Die Kapuzinergruft
flüchtete mich geradezu in sie. Ich brauchte so nicht mehr an meine Mutter, an meine Frau, unseren toten Diener zu denken. Mein Zug hielt fast jede halbe Stunde an irgendwelchen winzigen, unbedeutenden Stationen. Wir fuhren, ein Oberleutnant und ich, in einem engen Abteil, einer Zündholzschachtel sozusagen, etwa achtzehn Stunden, bis wir Kamionka erreichten. Von hier ab waren die ordentlichen Bahngeleise zerstört. Nur eine provisorische, schmalspurige Bahn mit drei ungedeckten, winzigen Lastwaggönchen führte zum nächsten Feldkommandoposten, der die augenblickliche Stellung der einzelnen Regimenter, auch nur unverbindlich, den »Einzelreisenden« anzugeben vermochte. Das Bähnchen rollte langsam dahin, der Lokomotivführer läutete unaufhörlich, denn Scharen von Verwundeten, zu Fuß und auf Bauernfuhrwerken, kamen uns auf dem schmalen Weg entgegen. Ich bin – wie ich damals zum erstenmal erfuhr – ziemlich unempfindlich gegen die sogenannten großen Schrecken. So empfand ich zum Beispiel den Anblick der Verwundeten, die auf einer Tragbahre lagen, wahrscheinlich, weil ihnen Beine oder Füße abgeschossen waren, weniger fürchterlich als die allein, ungestützt dahinwankenden Soldaten, die nur einen leichten Streifschuß hatten und durch deren schneeweißen Verband unaufhörlich neues Blut sickerte. Und bei alledem, zu beiden Seiten der schmalspurigen Bahn, auf den weiten, schon herbstfahlen Wiesen, zirpten die verspäteten Grillen, weil sie ein trügerisch warmer Septemberabend verführt hatte zu glauben, es sei immer noch oder schon aufs neue Sommer.
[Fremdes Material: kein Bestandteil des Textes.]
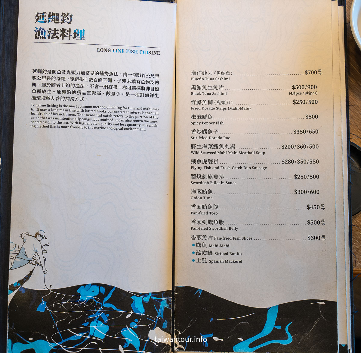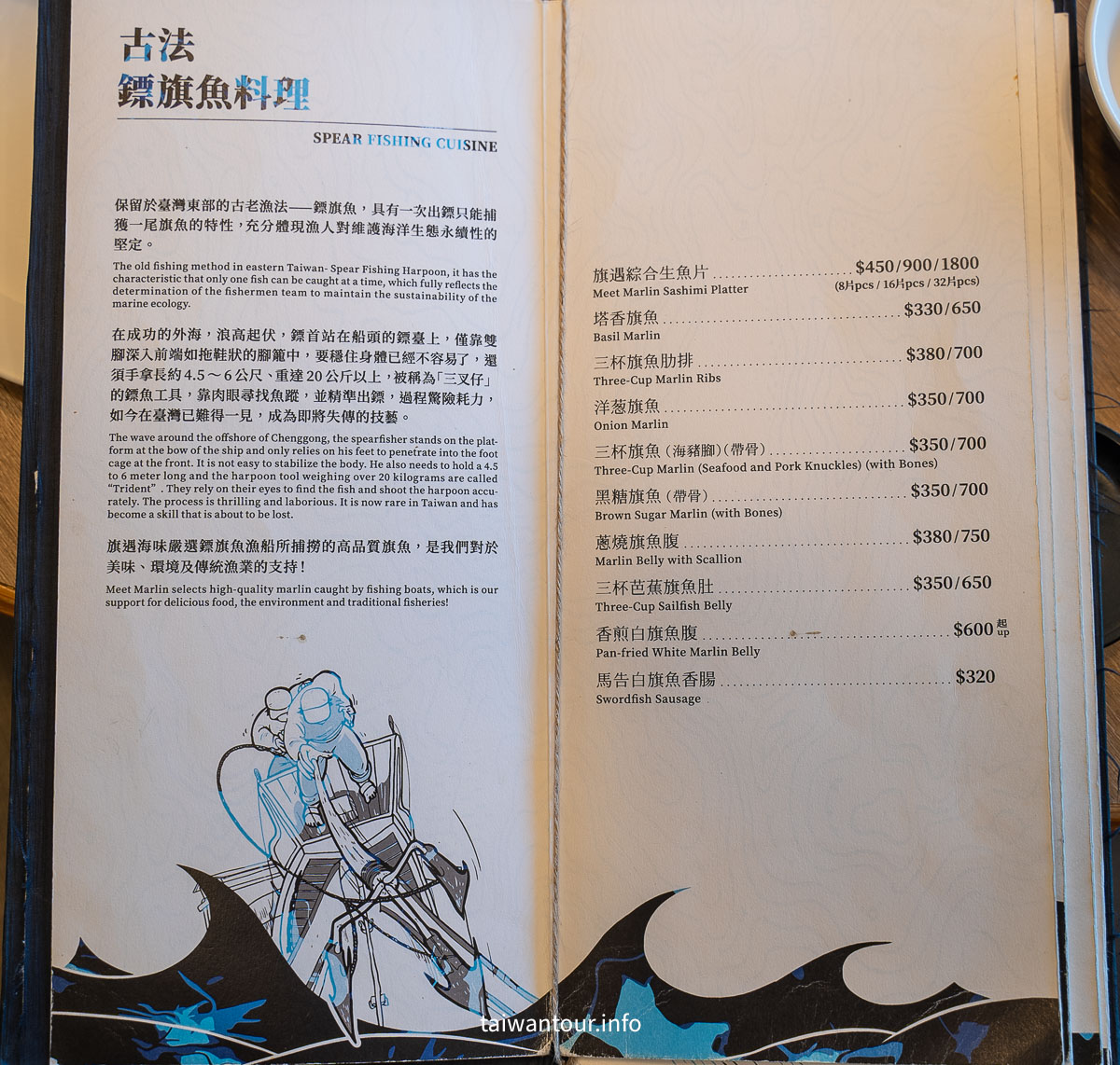 鏢旗魚(鏢刺漁法)這是店內最核心的堅持。鏢旗魚是一種具備「友善海洋、永續經營」特點的古老捕魚法。漁民站在船頭的鏢台上,在波濤洶湧的大海中與魚搏鬥,僅捕捉夠大、成熟的魚隻。這種方法不會像流刺網那樣對海洋生態造成毀滅性破壞,也能保持魚身完整,不因掙扎而產生乳酸,確保肉質處於頂級狀態。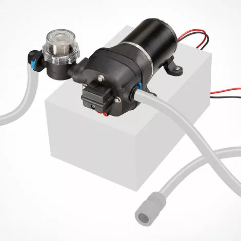 Une batterie de taille correspondante est importante lors du fonctionnement de cette pompe Ă membrane. Celle-ci ne doit pas descendre en dessous de 12 V / 50 Ah mĂȘme avec un fonctionnement sporadique de la pompe. Il est Ă©galement important de sÂassurer que la ligne dÂalimentation a un fusible et une section transversale appropriĂ©s.

Beim Feldkommandoposten traf ich zufällig den Herrn Feldkuraten von den Fünfunddreißigern. Er war ein feister, selbstzufriedener Mann Gottes, in einem engen, prallen, glänzenden Priesterrock. Er hatte sich auf dem Rückzug verloren, mitsamt seinem Diener, seinem Kutscher, seinem Pferd und dem zeltüberspannten Trainwagen, wo er Altar und Meßgeräte, aber auch eine Anzahl Geflügel, Schnapsflaschen, Heu für das Pferd und überhaupt requiriertes Bauerngut verbarg. Er begrüßte mich wie einen langentbehrten Freund. Er schien sich vor neuen Irrfahrten zu fürchten, er konnte sich auch nicht entschließen, sein Geflügel dem Feldkommandoposten zu opfern, wo man sich bereits seit zehn Tagen lediglich von Konserven nährte und von Kartoffeln. Man liebte hier den Feldkuraten nicht sonderlich. Aber er weigerte sich, aufs Geratewohl oder nur auf ein Ungefähr hin loszuziehen, dieweil ich, eingedenk meines Vetters Joseph Branco und des Fiakers Manes Reisiger, das Ungefähr dem Warten vorzog. Unsere Fünfunddreißiger, so lautete die vage Auskunft, sollten drei Kilometer nördlich von Brzezany stehen. Und also machte ich mich mit dem Feldkuraten, seinem Wagen, seinem Geflügel auf den Weg, ohne Landkarte, lediglich mit einer handgezeichneten Skizze versehen.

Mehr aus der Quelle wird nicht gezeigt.